Sources: Reuters | Investing.com
TLDR
- Broadcom shares fell 11.5% on Friday, December 15, as part of a broader tech sector selloff
- The stock dropped 11.4% in pre-market trading, aligning with Nasdaq-100 declines of 1.7%
- Broadcom beat earnings expectations with $18 billion in revenue versus $17.5 billion estimated
- Investor concerns centered on premium valuations, profit-taking, and slowing global IT spending trends
- Despite the drop, Broadcom remains up approximately 55% year-to-date for 2025
Broadcom shares took a serious hit on Friday, December 15, dropping 11.5% in what turned out to be a rough day for tech stocks. The semiconductor giant saw an 11.4% decline in pre-market trading before finishing the day deep in the red.
The selloff came as investors questioned whether AI-focused companies had run too far, too fast. Oracle, another major player in the AI space, lost 15% for the week, showing Broadcom wasn’t alone in the pain.
The Nasdaq-100 fell 1.7% on the day, while the S&P 500 dropped 1.1%. This marked the 28th time this year that the S&P 500 has declined by more than 1% in a single session.
Here’s the twist: Broadcom actually beat Wall Street’s expectations.
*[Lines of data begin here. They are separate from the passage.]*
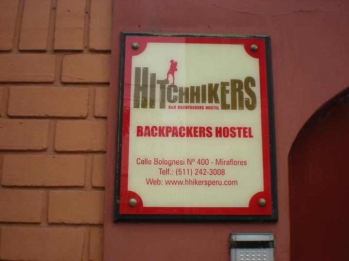 Cheguei em Lima às 11:40 da manhã (fuso de duas horas a menos em relação ao Brasil), passei a imigração, peguei malas e pranchas, e na área de desembarque já estava me esperando, com uma plaquinha com meu nome, o motorista enviado pelo hostel (Hitchhikers Backpackers) que eu ficaria hospedado em Miraflores (Lima).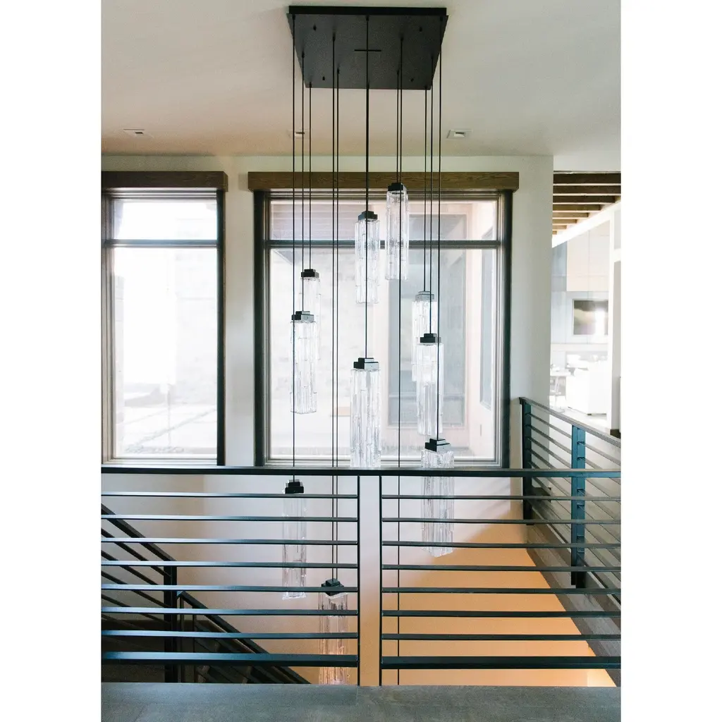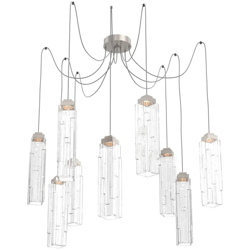 Ledgestone Square Multi-Port -09-Metallic Beige Silver-Ledgestone Blown Glass - Clear-Silver Cloth Braided Cord-LED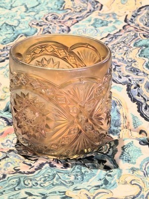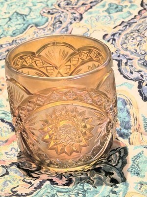 - Imperial Marigold Carnival Glass Hobstar Canister Jar 4" Stunning Amber Oval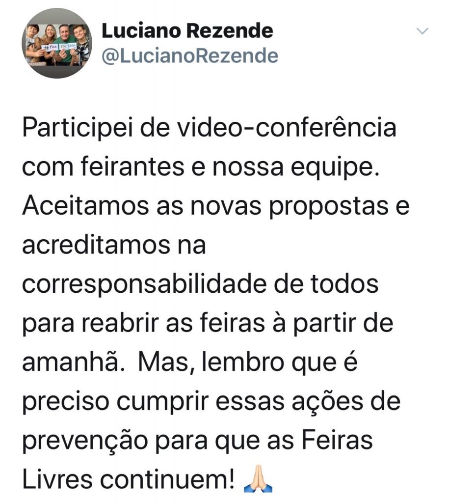 A informação foi publicada pelo próprio prefeito de Vitória, em seu perfil pessoal no Twitter. Na publicação, Luciano Rezende lembrou que, para reabertura das feiras livres, tanto feirantes quanto consumidores precisam cumprir as determinações dos órgãos sanitários.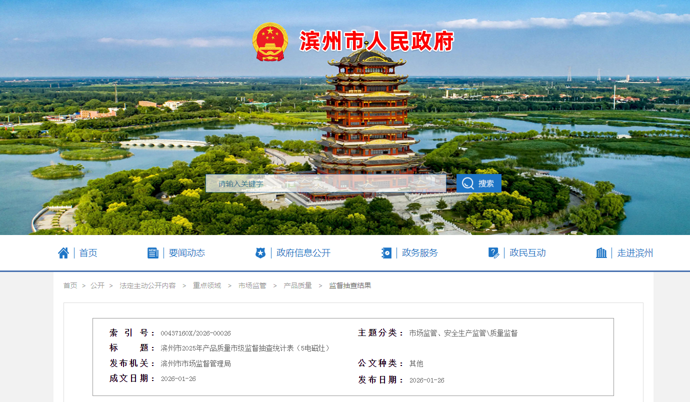 山东省滨州市市场监督管理局发布2025年产品质量市级监督抽查统计表(5电磁灶)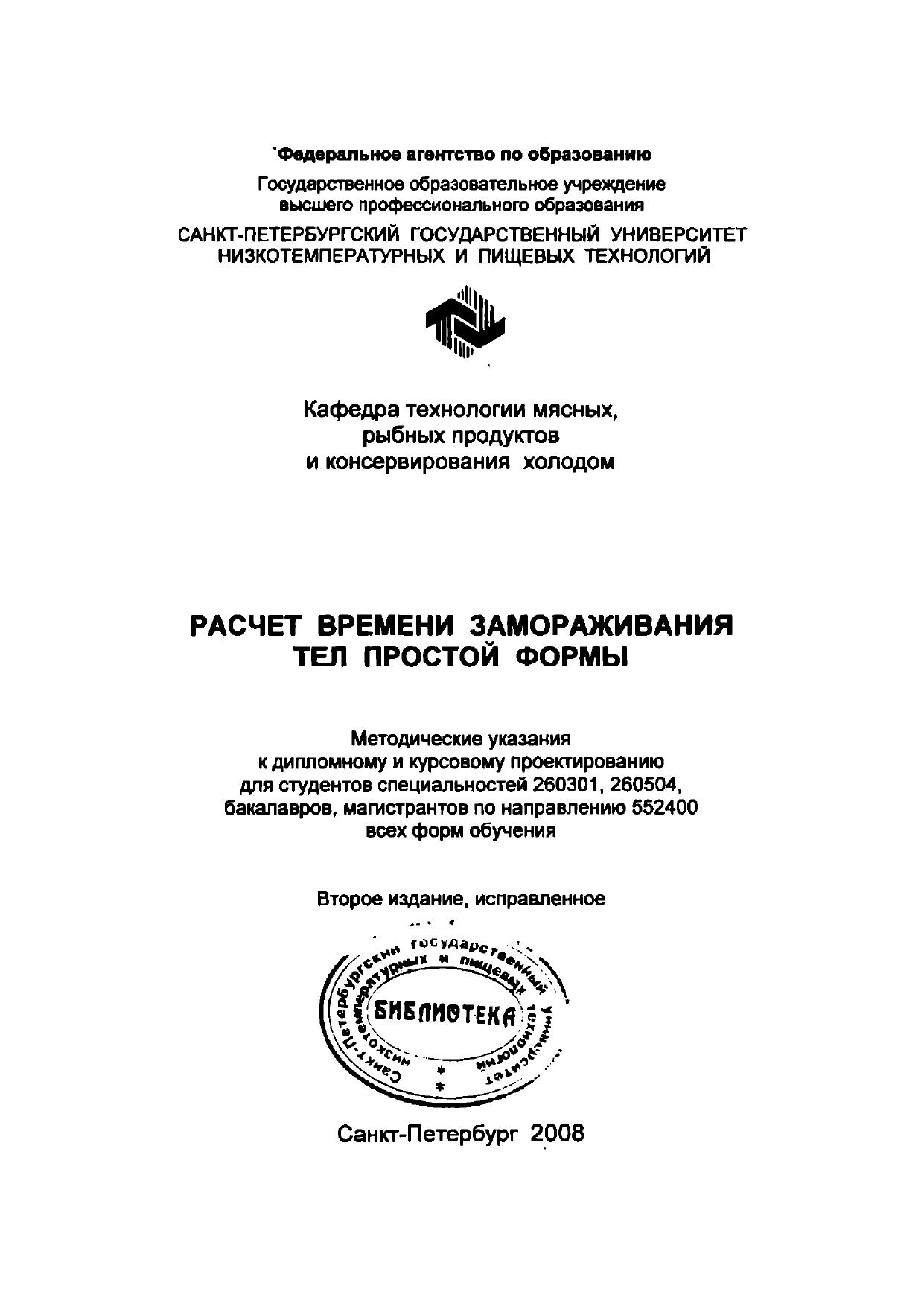 Расчёт времени замораживания тел простой формы: Методические указания к дипломному и курсовому проектированию для студентов спец. 260301, 260504, бакалавров, магистрантов по направлению 552400 всех форм обучения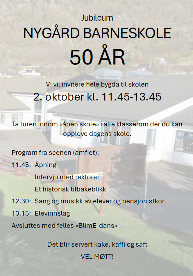 16.mai øvde Nygård barneskole på å gå i 17.mai-tog. Det ble satt opp ulike stasjoner med aktiviteter, blant annet lage spinner og 17.mai-blomst, kaste svamp på blink, sekkeløp, bingo, ringspill og potetløp. FAU stilte med pølser, saft og is. Det var en kjekk dag for store og små.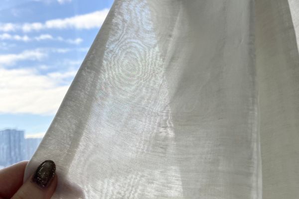 とろみのある生地が、やわらかく縦に流れ、 見る角度や時間帯によって 表情を少しずつ変えていく遮熱レースです。

Revenue hit $18 billion, topping analyst estimates of $17.5 billion. Operating profit came in at $11.9 billion, beating the projected $11.4 billion.
So why did the stock get hammered? A few quarters ago, these same numbers might have sent shares soaring by double digits.
Valuation Worries Take Center Stage
Institutional investors started taking profits off the table. Concerns about premium valuations in the tech sector triggered widespread selling across AI-related stocks.
Analysts point to worries about global IT spending trends as a key factor. Companies might be pulling back on technology investments as economic uncertainty grows.
Broadcom’s valuation had climbed to rich levels compared to other tech giants. Even companies like NVIDIA and Google, which dominate the AI space, trade at lower multiples.
The company’s quarterly forecast came in slightly below some investor hopes. While far from disastrous, the guidance wasn’t enough to justify the stock’s elevated price tag in current market conditions.
Risk aversion spread through the market as traders reassessed their AI bets. The excitement that drove tech stocks higher throughout the year started giving way to caution.
Long-Term Picture Remains Strong
Despite Friday’s drop, Broadcom is still up roughly 55% for 2025. The company had doubled in value in both 2023 and 2024, creating a string of impressive gains.
Analysts continue to praise Broadcom’s strong position in enterprise technology. The company maintains solid relationships with major customers and a robust product lineup.
The selloff marks the S&P 500’s 28th decline of more than 1% this year. Historical data shows markets have averaged 29 or more such drops per year since 1928, putting 2025 right in line with typical patterns.
Investor interest in AI stocks hasn’t disappeared entirely. The sector’s longer-term outlook still attracts attention, even as short-term volatility shakes out weak hands.
Broadcom’s operating profit of $11.9 billion exceeded expectations by $500 million. Revenue topped estimates by $500 million as well, showing the business fundamentals remain healthy even as the stock price struggled.